» Activity: As you work through the listing below, copy each line exactly and drop the images.

» Working data:
● ● ● ●

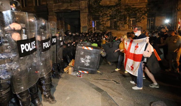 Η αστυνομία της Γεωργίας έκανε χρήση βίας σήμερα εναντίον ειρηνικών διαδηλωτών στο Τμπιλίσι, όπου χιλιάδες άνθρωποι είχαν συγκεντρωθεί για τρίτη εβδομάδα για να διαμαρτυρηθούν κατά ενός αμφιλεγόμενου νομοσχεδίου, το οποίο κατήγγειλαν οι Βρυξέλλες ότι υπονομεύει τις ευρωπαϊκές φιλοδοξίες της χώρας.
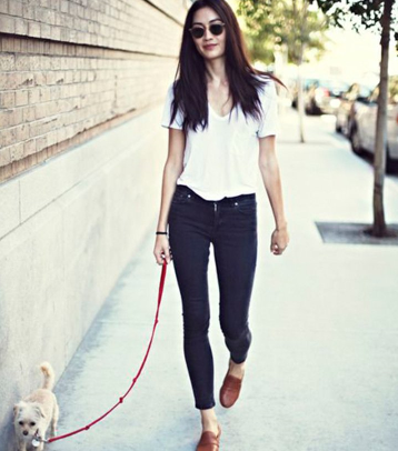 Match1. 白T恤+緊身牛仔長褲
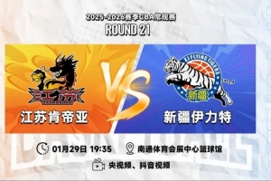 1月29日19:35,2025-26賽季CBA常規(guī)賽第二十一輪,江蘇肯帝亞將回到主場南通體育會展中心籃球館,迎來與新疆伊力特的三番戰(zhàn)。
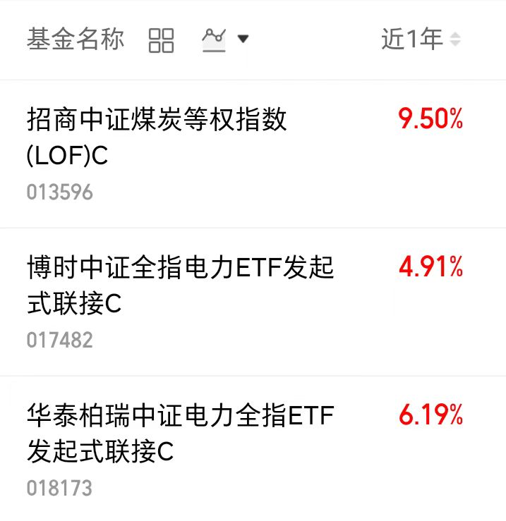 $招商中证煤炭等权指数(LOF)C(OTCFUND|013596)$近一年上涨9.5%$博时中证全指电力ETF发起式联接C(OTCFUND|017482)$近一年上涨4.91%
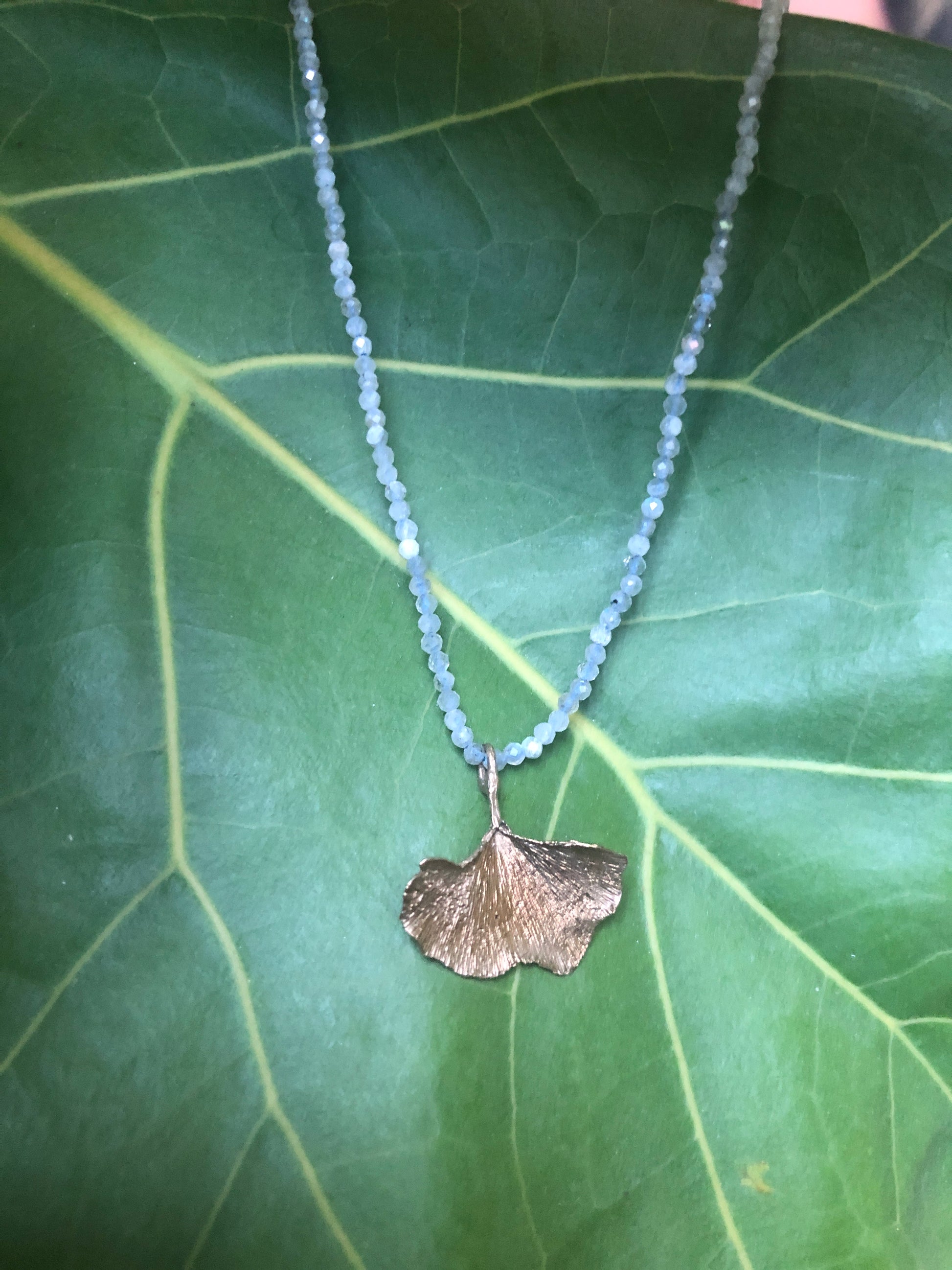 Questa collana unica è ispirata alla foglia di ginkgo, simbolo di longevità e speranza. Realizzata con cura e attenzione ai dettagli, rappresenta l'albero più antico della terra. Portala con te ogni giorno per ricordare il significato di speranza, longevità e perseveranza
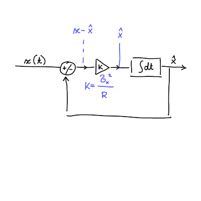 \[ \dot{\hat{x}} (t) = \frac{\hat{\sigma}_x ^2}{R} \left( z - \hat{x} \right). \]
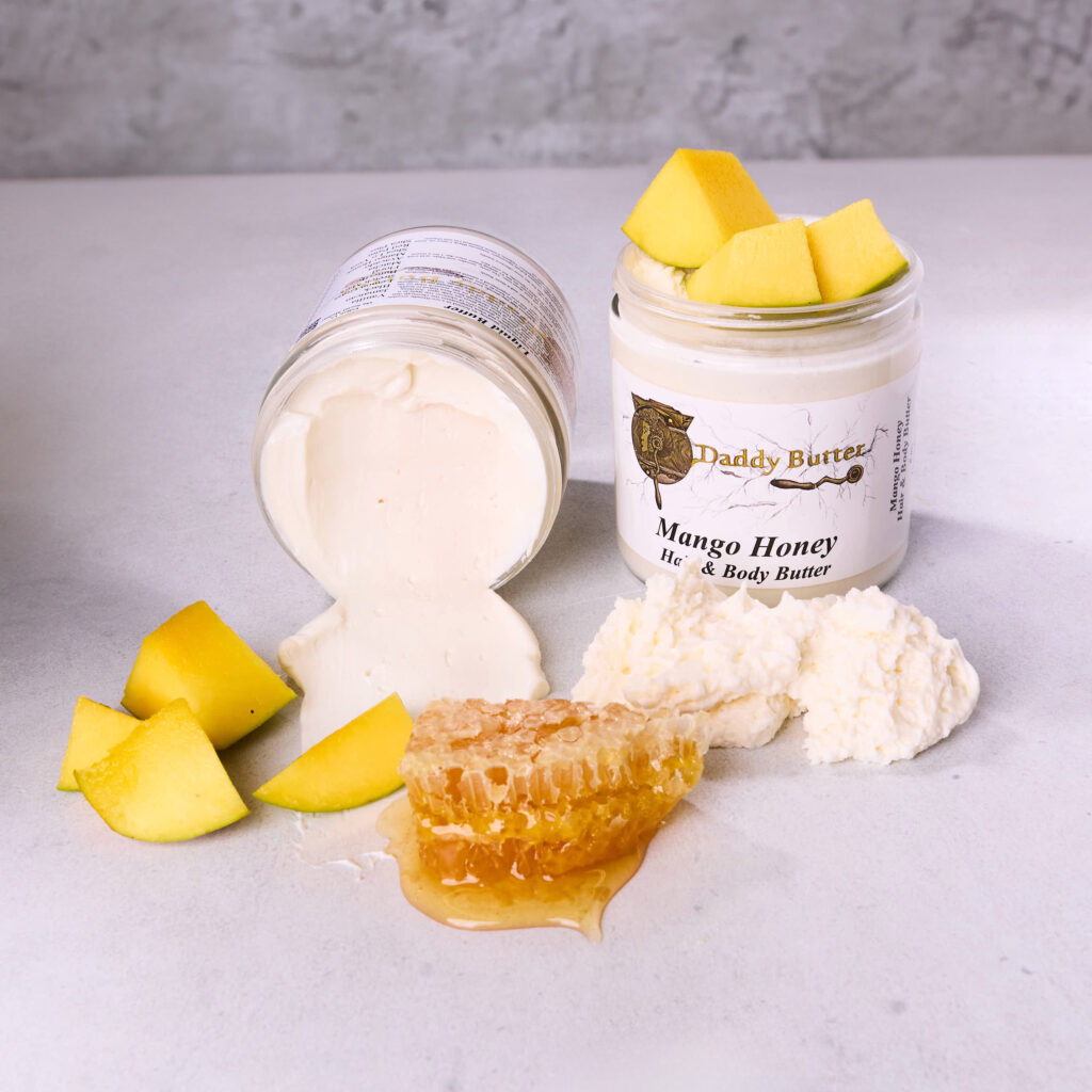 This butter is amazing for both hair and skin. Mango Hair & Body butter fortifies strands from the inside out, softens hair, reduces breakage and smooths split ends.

● ● ● ●

» Written solution:
 Η αστυνομία της Γεωργίας έκανε χρήση βίας σήμερα εναντίον ειρηνικών διαδηλωτών στο Τμπιλίσι, όπου χιλιάδες άνθρωποι είχαν συγκεντρωθεί για τρίτη εβδομάδα για να διαμαρτυρηθούν κατά ενός αμφιλεγόμενου νομοσχεδίου, το οποίο κατήγγειλαν οι Βρυξέλλες ότι υπονομεύει τις ευρωπαϊκές φιλοδοξίες της χώρας.
 Match1. 白T恤+緊身牛仔長褲
 1月29日19:35,2025-26賽季CBA常規(guī)賽第二十一輪,江蘇肯帝亞將回到主場南通體育會展中心籃球館,迎來與新疆伊力特的三番戰(zhàn)。
 $招商中证煤炭等权指数(LOF)C(OTCFUND|013596)$近一年上涨9.5%$博时中证全指电力ETF发起式联接C(OTCFUND|017482)$近一年上涨4.91%
 Questa collana unica è ispirata alla foglia di ginkgo, simbolo di longevità e speranza. Realizzata con cura e attenzione ai dettagli, rappresenta l'albero più antico della terra. Portala con te ogni giorno per ricordare il significato di speranza, longevità e perseveranza
 \[ \dot{\hat{x}} (t) = \frac{\hat{\sigma}_x ^2}{R} \left( z - \hat{x} \right). \]
 This butter is amazing for both hair and skin. Mango Hair & Body butter fortifies strands from the inside out, softens hair, reduces breakage and smooths split ends.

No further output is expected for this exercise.